Rendering Large Images
Introduction
In today graphics, a lot of images need big resolutions. In fact, resolutions can be so high that you can’t even think about rendering them in a single video buffer. You may also need to render parts of a same image onto different displays. HOOPS Luminate provides an easy way to split an image calculation in buckets of pixels that can be later reassembled into the whole image: the asymmetric camera (see Viewpoints).
Description
In this tutorial, we’ll render a large images made of 16 buckets of pixels using HOOPS Luminate asymmetric cameras. As usual, we start by setuping a simple scene: a collection of coloured boxes lit by a single spotlight.
Then, the rendering is split into 16 passes. Each pass renders 1/16th of the whole image using an asymmetric camera.

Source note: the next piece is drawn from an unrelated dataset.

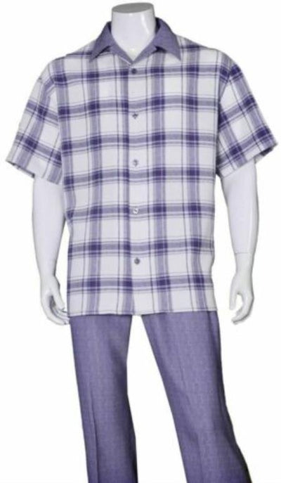 2pc Solid Pant And Patterned Shirt Button Fastening Single Left Side Pocket Point Collar Color: Purple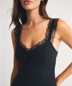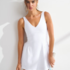 Our new collection built to make going bra-free that much smoother. This flattering mini dress is in our soft crepe fabric. Features a V-neckline with lace-trim and button-through details and a seamed-in bra with removable pads to go bra-free. Imported.

The rendering then consists of a 4x4 loop:
// Computes the 16 image chunks.
for( int y = 0; y < 4; ++y )
{
for( int x = 0; x < 4; ++x )
{
while( ( RFK::TutorialApplication::GetTime() - last_time ) < 1000.0f ) {}
last_time = RFK::TutorialApplication::GetTime();
float tfov = tanf( fov );
float tfovleft = tfov - x * 2.f * tfov / 4.f;
float tfovright = -tfov + ( x + 1 ) * 2.f * tfov / 4.f;
float tfovbottom = ratio * ( tfov - ( 3 - y ) * 2.f * tfov / 4.f );
float tfovtop = ratio * ( -tfov + ( 4 - y ) * 2.f * tfov / 4.f );
RC_TEST( iviewpoint->SetAsymmetricFrustumPerspective( atanf( tfovleft ), atanf( tfovright ),
atanf( tfovbottom ), atanf( tfovtop ),
iresmgr->GetState() ) );
RFK::TutorialApplication::UpdateProgressBar( ( x + y * 4 + 1 ) / 16.f );
RC_TEST( RFK::TutorialApplication::Invalidate() );
// Blits the chunk pixels into the output image.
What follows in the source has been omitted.